To validate our Sparse Spectral Training (SST) approach, we conducted experiments on both Euclidean and hyperbolic neural networks, demonstrating the generalization of SST across various neural network architectures and embedding geometries.

\ We compared SST with full-rank training, LoRA, and ReLoRA*. The key distinctions between ReLoRA* and ReLoRA [5] is that ReLoRA includes a full-rank training as "warm start", making it not an end-to-end memory-efficient method. Moreover, ReLoRA* resets all optimizer states for low-rank parameters, unlike ReLoRA, which resets 99%.

\ For our experiments, all linear layers in the baseline models were modified to their low-rank counterparts. Hyperparameters and implementation details are provided in Appendix F.

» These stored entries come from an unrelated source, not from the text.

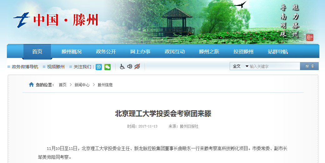 【滕州政府網(wǎng)】北京理工大學(xué)投委會(huì)前往滕州考察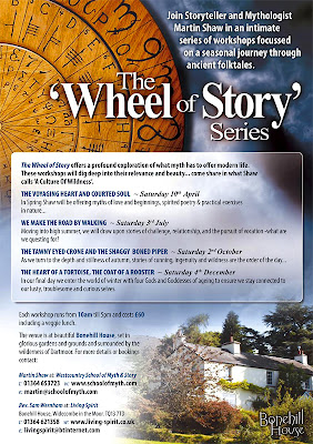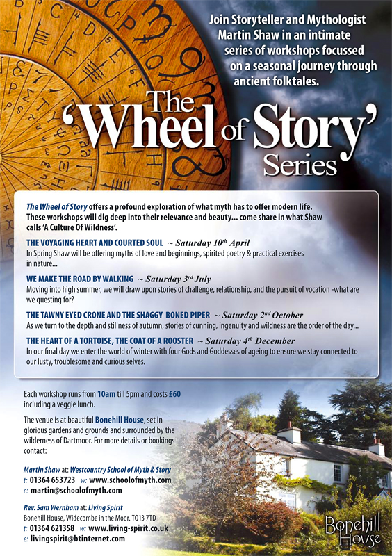 The Westcountry School of Myth and Story will soon be returning to Bonehill to start the ‘Wheel of Story’ rolling on Saturday April 10th. Award winning storyteller and mythologist Martin Shaw will be offering a rich feast of story, poetry and reflective, creative time outside on beautiful Dartmoor. Martin always has a wonderful way with words and he describes this first turn of the wheel as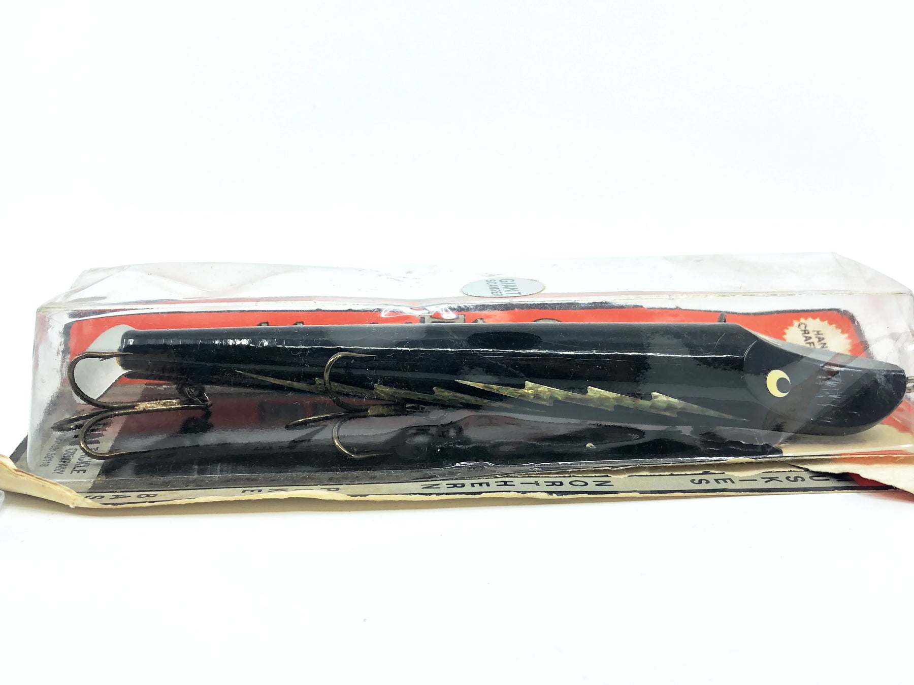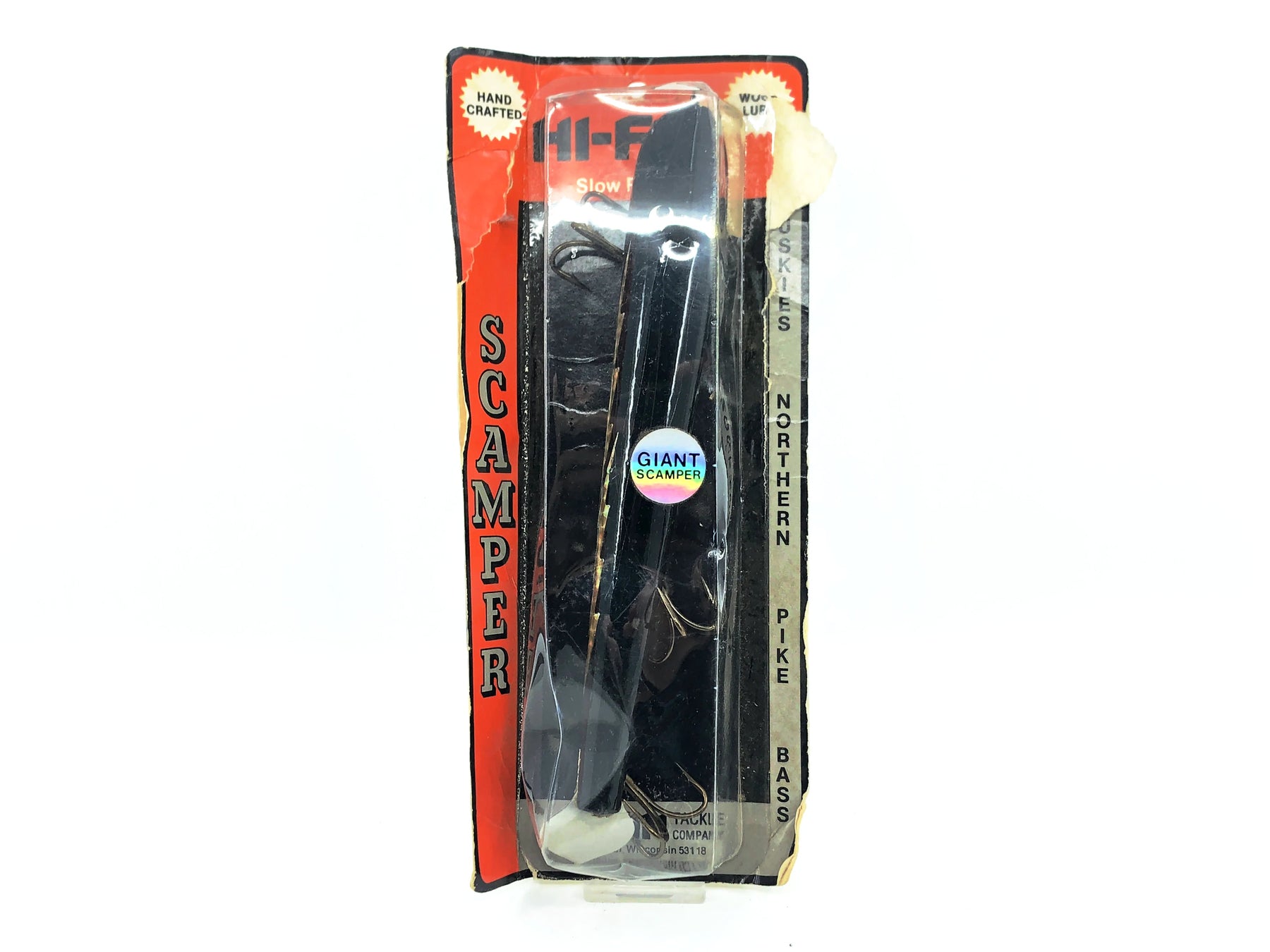 HI-Fin Giant Scamper, Black/Silver Lighting Streak Color on Card. Classic Wisconsin musky bait. This lure is about 8" long excluding the lip. This card has wear and the bubble is peeling off. The lure is new on card. Fish or collect, see photos.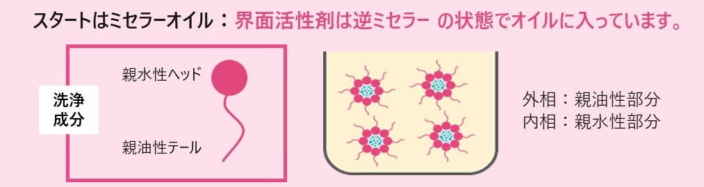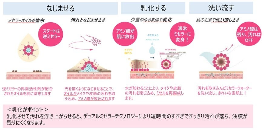 汚れを落としながらスキンケア成分を肌に残すことを実現する、逆ミセラーからミセラーに変化するテクノロジー。スタート時には外相が親油性成分、中にスキンケア成分を取り込んだ逆ミセラーの状態でオイルに入った洗浄成分が、肌にスキンケア成分を届けます。その後、オイルを乳化することにより洗浄成分がミセラーに変わります。このミセラーが汚れを取り込み、肌戻りなくしっかり汚れを落とします。

\ Further comparisons of SST with the contemporaneous work GaLore [16] are elaborated in Appendix H, highlighting SST’s superior performance in low-rank configurations. Ablation studies are documented in Appendix I.

5.1 Machine Translation

We employ the vanilla transformer [10] as the Euclidean transformer and HyboNet [12] as the hyperbolic transformer. Our experiments include three widely-used machine translation datasets: IWSLT’14 English-to-German [33], IWSLT’17 German-to-English [34], and Multi30K German-toEnglish [35]. For IWSLT’14, the hyperparameters are aligned with those from HyboNet.

\ Table 1 presents BLEU scores for IWSLT’14 across various dimensions and ranks (r). The results confirm that SST consistently outperforms other low-rank methods. Notably, some BLEU scores for the hyperbolic transformer are zero, due to the training process encountering NaN losses, whereas SST maintains stability throughout.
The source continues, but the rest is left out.